The TTP is changing its tactics in Pakistan to suit the political climate and also to get the maximum mileage from the developing environment, Sayed and Jadoon say.
Since Pakistan’s economy is on a downward spiral, there is widespread alienation from the government, the political parties and even the military. Continued military action against militant groups in the tribal areas affect innocent civilians. This is particularly exploited by TTP. The TTP is also exploiting the grievances of ethnic groups, such as the Baloch, though the Baloch liberation movement is secular and not Islamic.
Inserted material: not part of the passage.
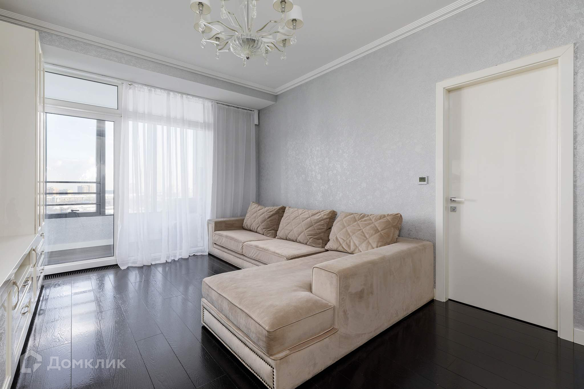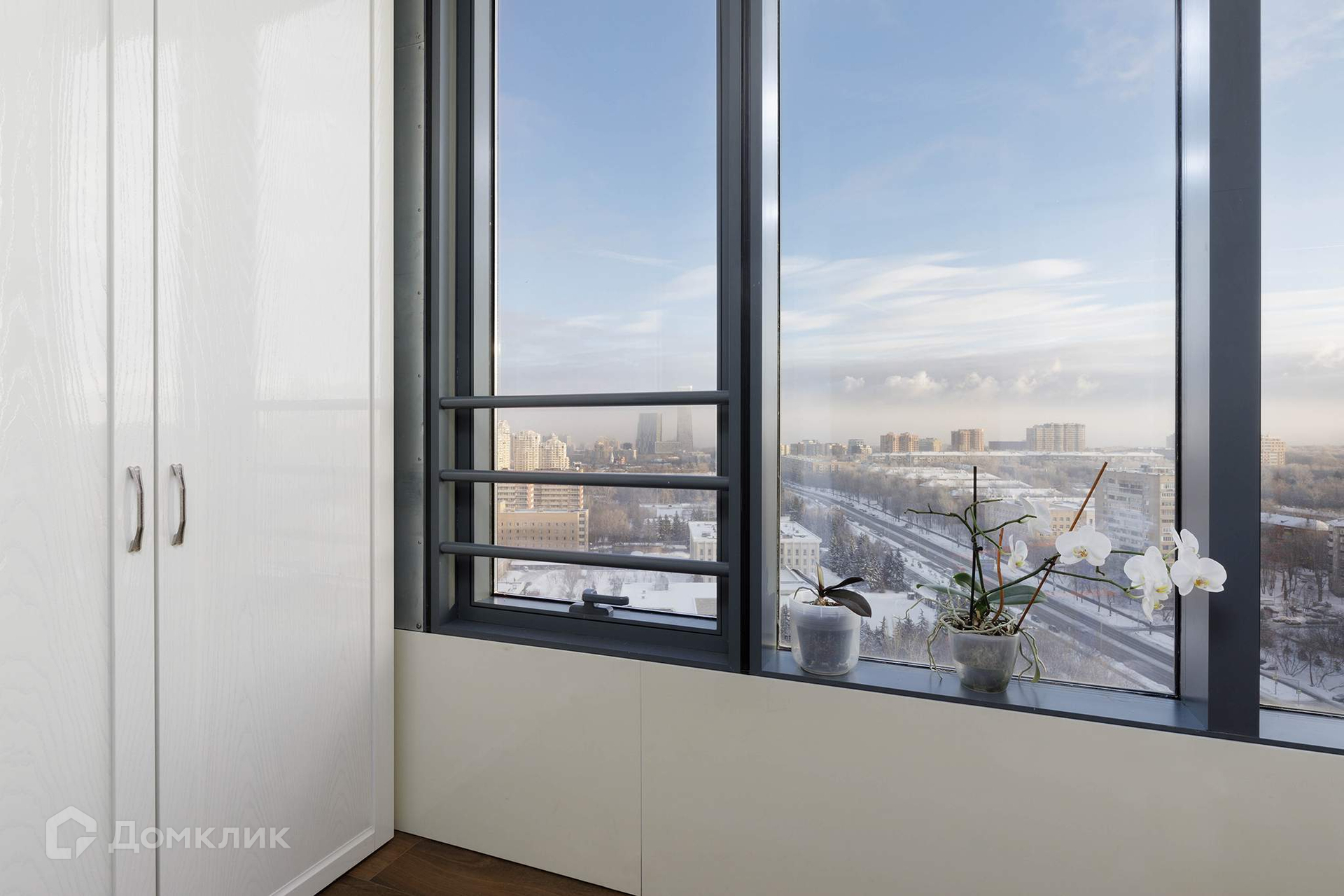 Апартамент распложен на 19-ом этаже 29-этажного монолитно-кирпичного здания. Год завершения строительства – 2017 г. Общая площадь – 96,2 кв.м. Высота потолков – 3,1 м. Просторная и функциональная планировка: прихожая, кухня-гостиная, 2 изолированные комнаты, 2 совмещённых санузла, утеплённая лоджия -7,2 кв.м. Вид из апартамента в сторону улицы Мосфильмовская и МГУ им. М. В. Ломоносова, вдали виднеется Кремль.

Above all, the TTP is strongly advocating Islamization and the imposition of Sharia in full, which other political groups, including the avowedly Islamic ones, are not pressing for with single-minded devotion. According to Sayed and Jadoon, there is an influential urban intellectual constituency favoring drastic Islamization as the only way to rescue Pakistan from the current political, social and economic morass.
And additionally, Ned Price’s statement on Monday that Washington will “unconditionally” stand by Pakistan in its fight against terrorism will further provoke the TTP to take a hardline.
As of now, the TTP has no operations outside Pakistan. But the globalization of anti-terror operations could provoke the TTP to also go global with the help of Al Qaida and IS-K, both deadly enemies of the US.